Sebelumnya, pada bulan ini, perwakikan dari Taliban, Amerika Serikat dan negara-negara kawasan bertemu di Uni Emirat Arab (UEA) untuk memulai pembicaraan dengan tujuan akhir mengakhiri perang 17 tahun di Afghanistan.
Tetapi Taliban pada Minggu (30/12), menolak untuk mengadakan pembicaraan resmi dengan pemerintah Afghanistan dan menegaskan hanya akan bertemu dengan pejabat Amerika Serikat.Â
"Kami akan bertemu pejabat Amerika Serikat di Arab Saudi pada Januari tahun depan dan kami akan memulai pembicaraan kami yang tetap tidak lengkap di Abu Dhabi," kata anggota Dewan Kepemimpinan pengambilan keputusan Taliban kepada
Reuters.
"Namun, kami telah menjelaskan kepada semua pemangku kepentingan bahwa kami tidak akan berbicara dengan pemerintah Afghanistan," sambungnya.

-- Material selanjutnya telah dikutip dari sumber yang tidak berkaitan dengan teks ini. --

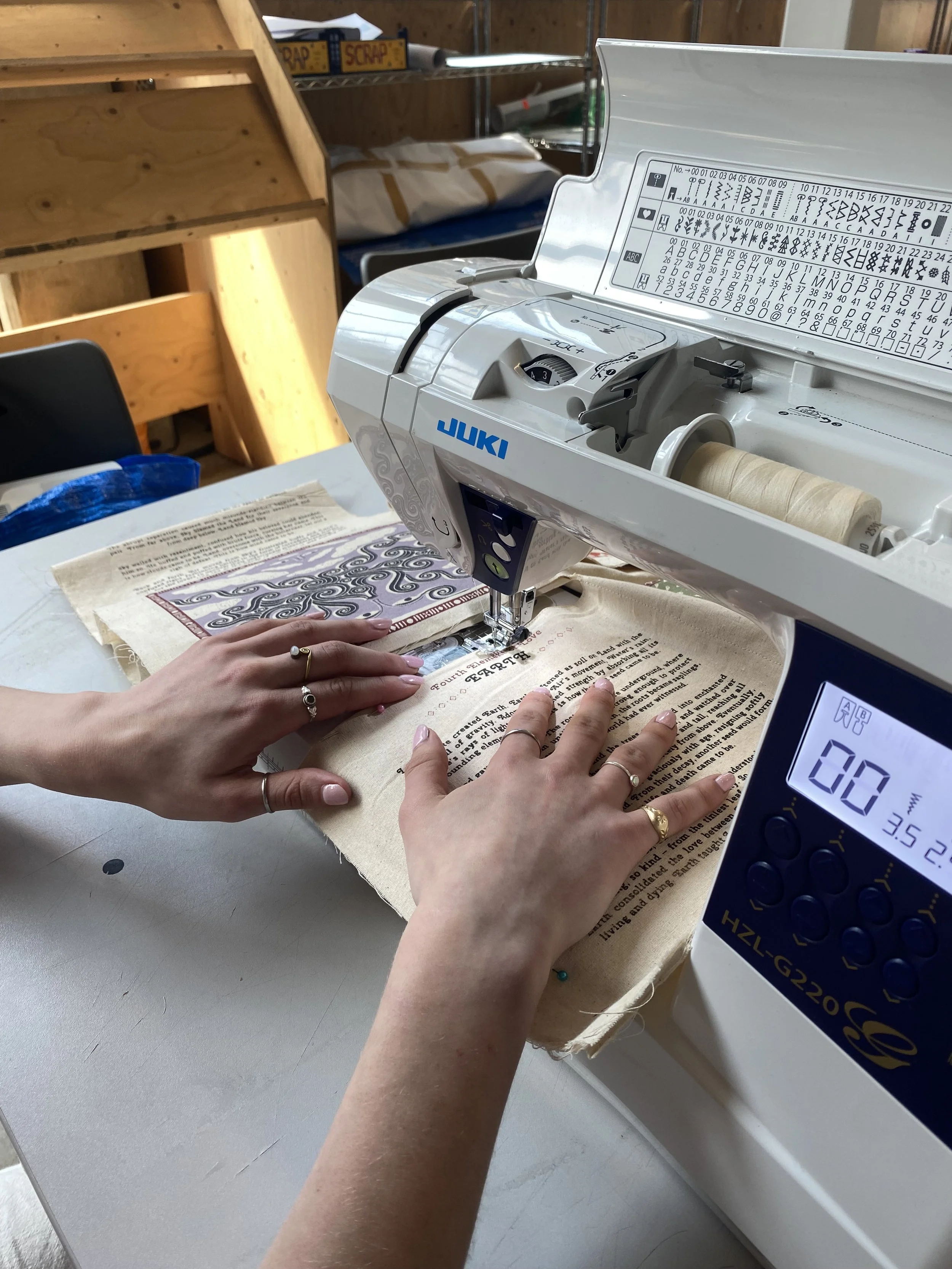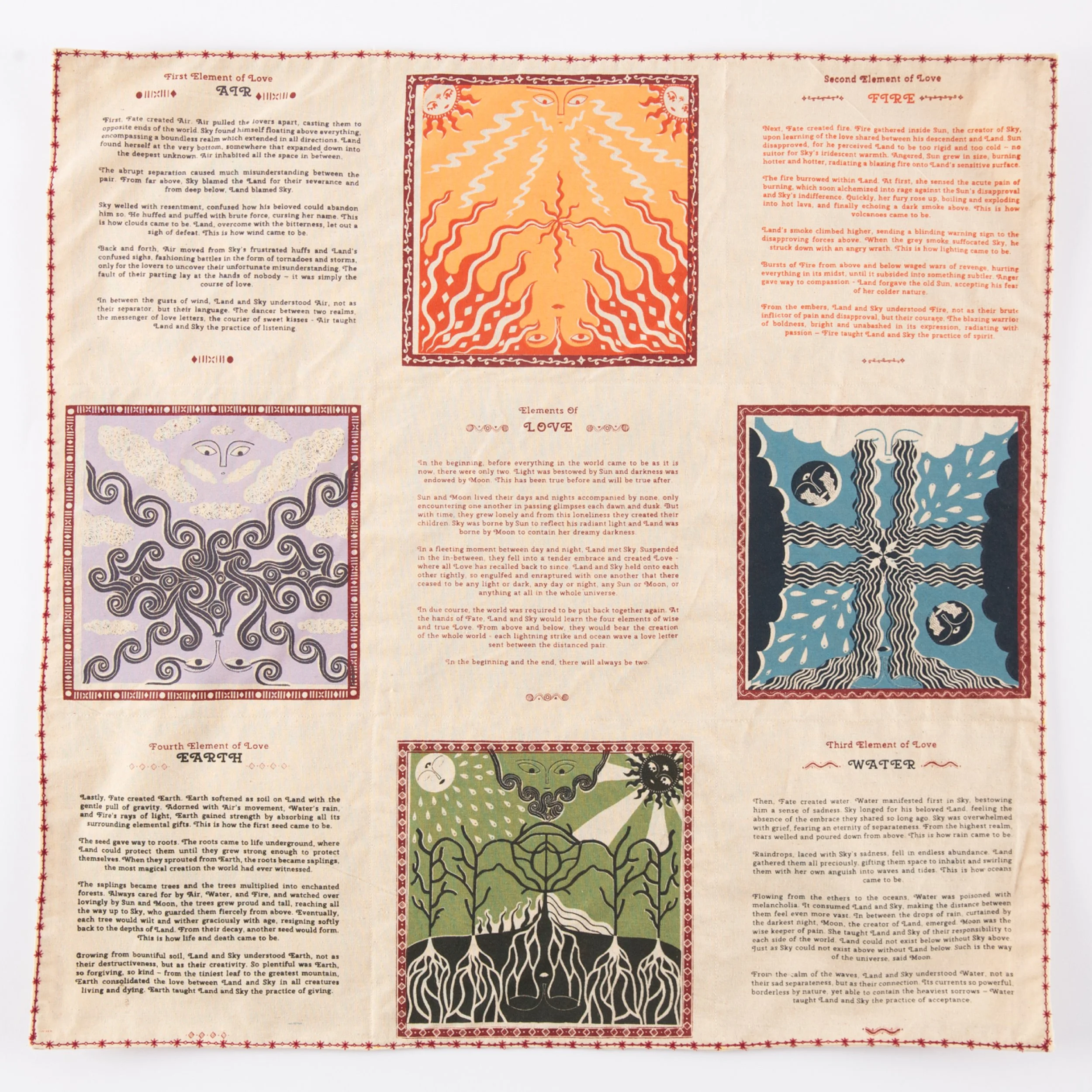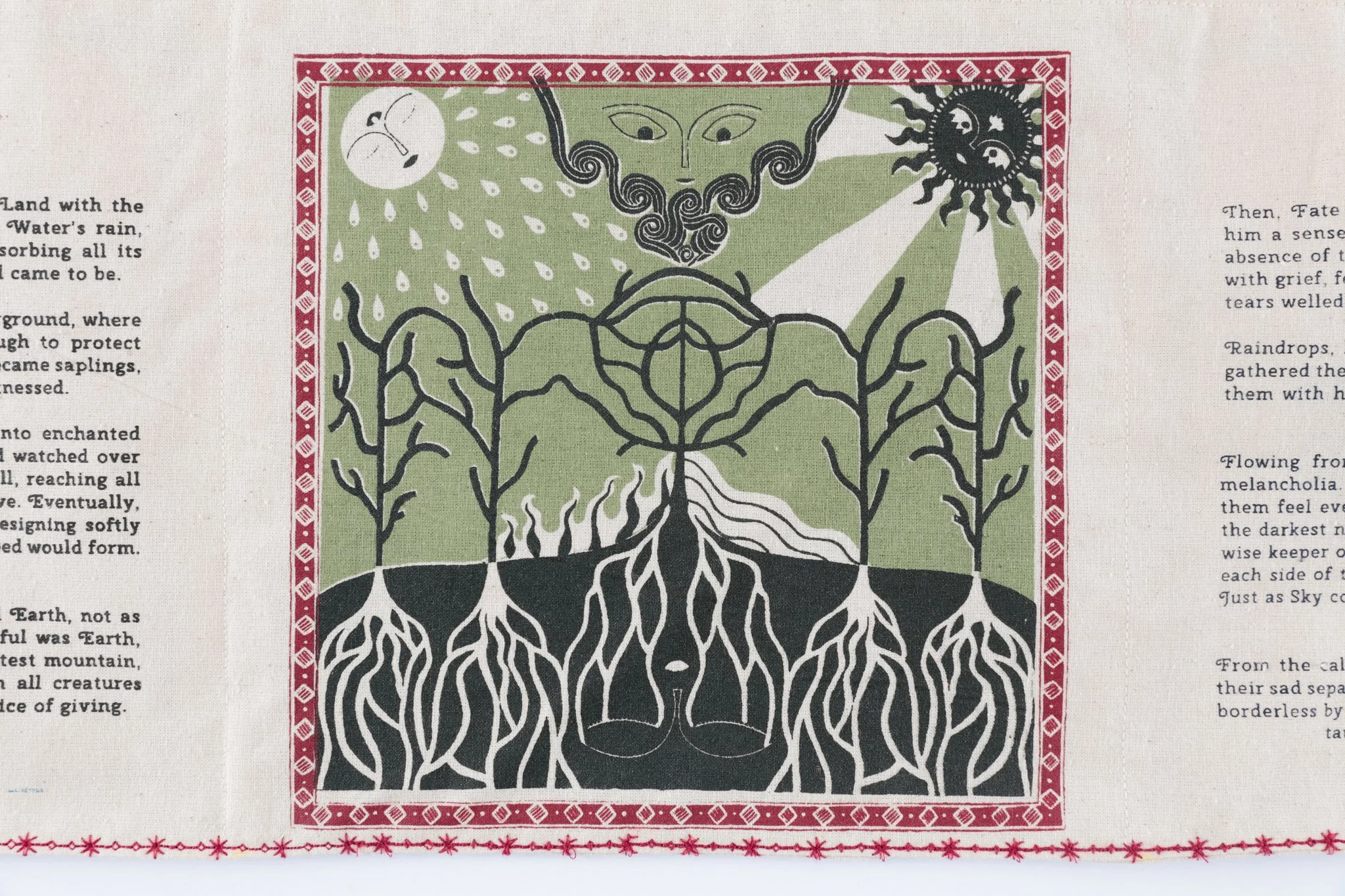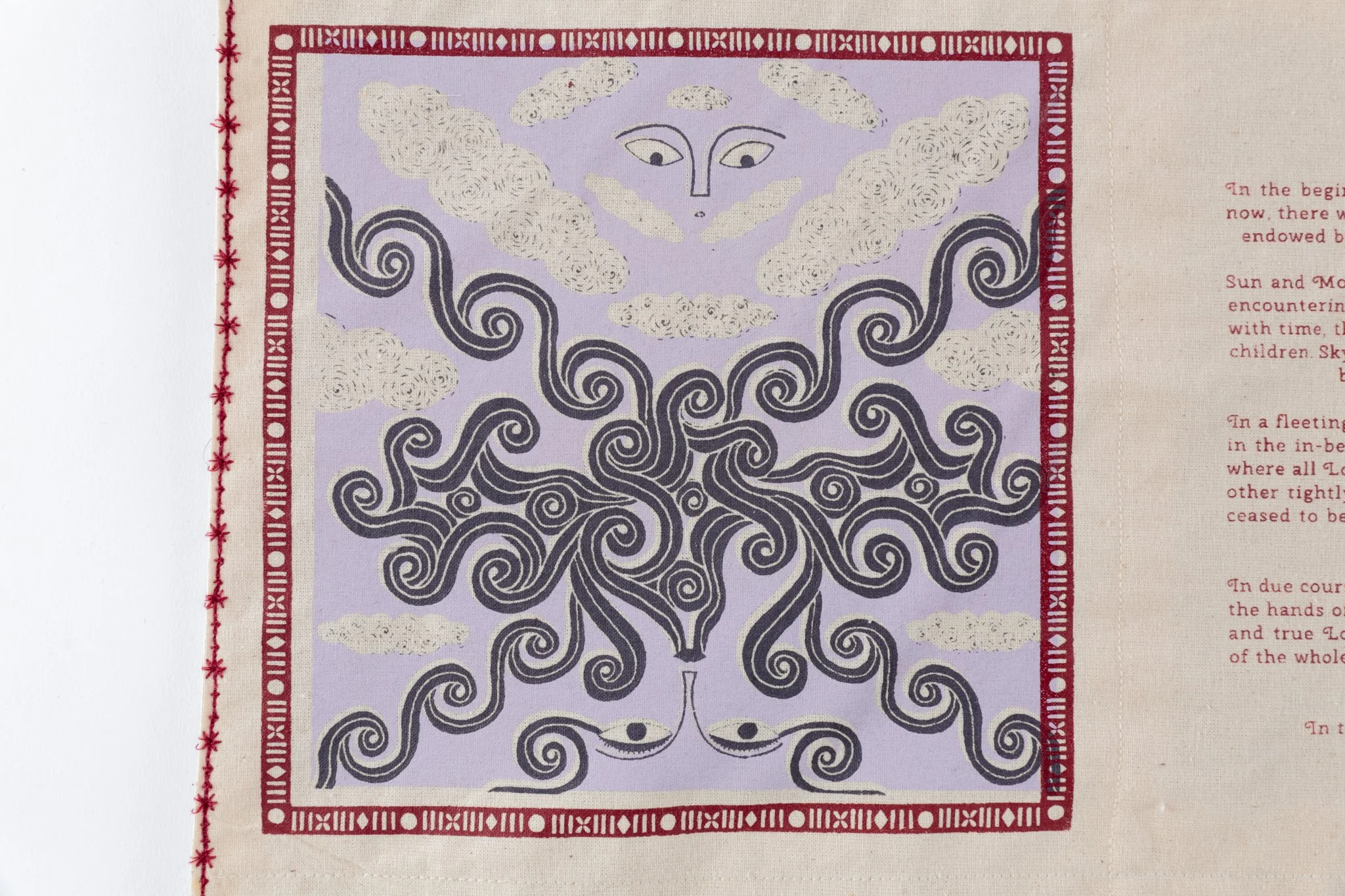 Land and Sky was created using completely handmade and cross-cultural processes: printmaking and sewing. Realised as a nine-layer silkscreen print on fabric, and embroidered into an unfolding story quilt, Land and Sky utilises the quilt as a powerful cross-cultural object of love, offering a collective mythology for all intercultural couples to feel emboldened by.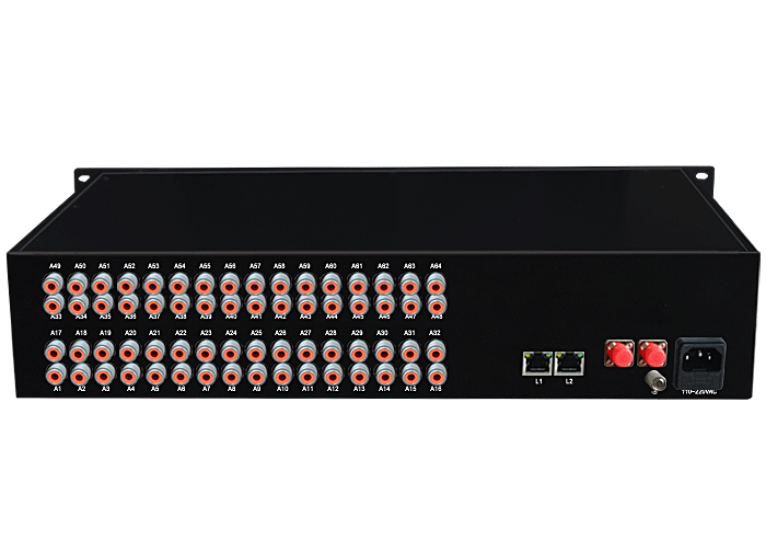 64路數字音頻網關總線級聯型接入單元,2光2電百兆/千兆以太網接口,多路控制數據/報警開關量可選,單模/多模/塑料,1/2纖,ST/FC/SC/LC/SFP光接口,15/20/25/32dB,獨立/冗余供電,2U機架,通用型 |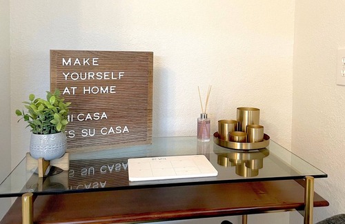 We have a total of two guest rooms that are available for rent: this unit and one other. Each room is 12x14ft and has an additional 2x9ft closet and has its own private bathroom. Sliding mirrored doors open to reveal a mini-fridge, Nespresso machine and small safe. We offer free wifi and a 55in wall-mounted SmartTV in each room that swivels for optimal viewing. Brand new 10in memory foam mattresses with fully zippered encasements are provided, as well as two memory foam pillows with allergy casings, linens and sheets. A 36in desk with a comfy chair, and some office supplies sit next to the large window that has a blackout curtain with light-blocking rails for those possible night-shifts that turn into day-slumbers. You have access to our laundry room with cleaning supplies and detergent, as well as our fully stocked kitchen and dining area. We have a detached garage with gym equipment - Peloton, elliptical, and treadmill, as well as free weights and bands.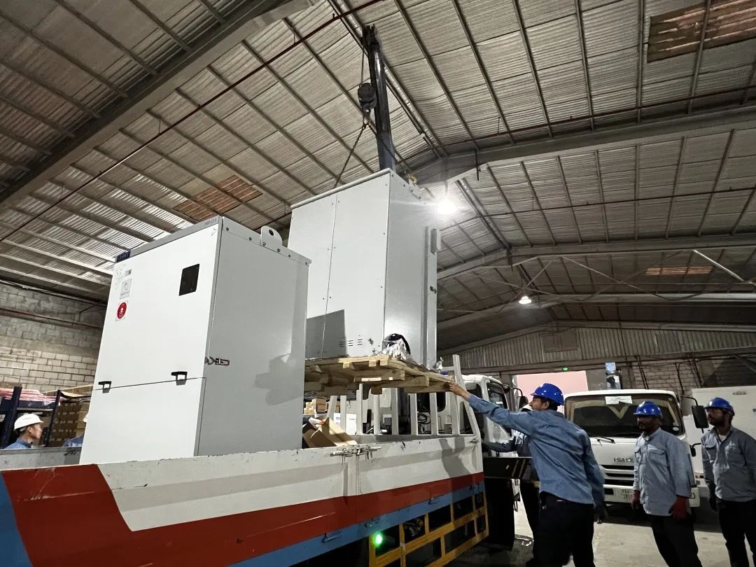 “我們要趁著太陽還沒升起,盡可能把今天的施工進(jìn)度往前趕。”今年49歲的蔡永平是中國電力技術(shù)裝備有限公司沙特分公司總經(jīng)理,也是沙特?cái)?shù)字化智能環(huán)網(wǎng)柜項(xiàng)目負(fù)責(zé)人。此刻,他正與當(dāng)?shù)胤职添?xiàng)目總監(jiān)扎卡里亞確認(rèn)當(dāng)天的施工計(jì)劃,確保每一支施工隊(duì)伍都能在倉庫領(lǐng)到需要安裝的環(huán)網(wǎng)柜設(shè)備及配件。

Juru bicara Taliban Zabihullah Mujahid juga mengatakan para pemimpin kelompok itu tidak akan berbicara dengan pemerintah Afghanistan.
Para militan bersikeras untuk mencapai kesepakatan hanya dengan Amerika Serikat, yang kelompok itu anggap sebagai kekuatan utama di Afghanistan sejak pasukan pimpinan Amerika Serikat menggulingkan pemerintah Taliban pada tahun 2001.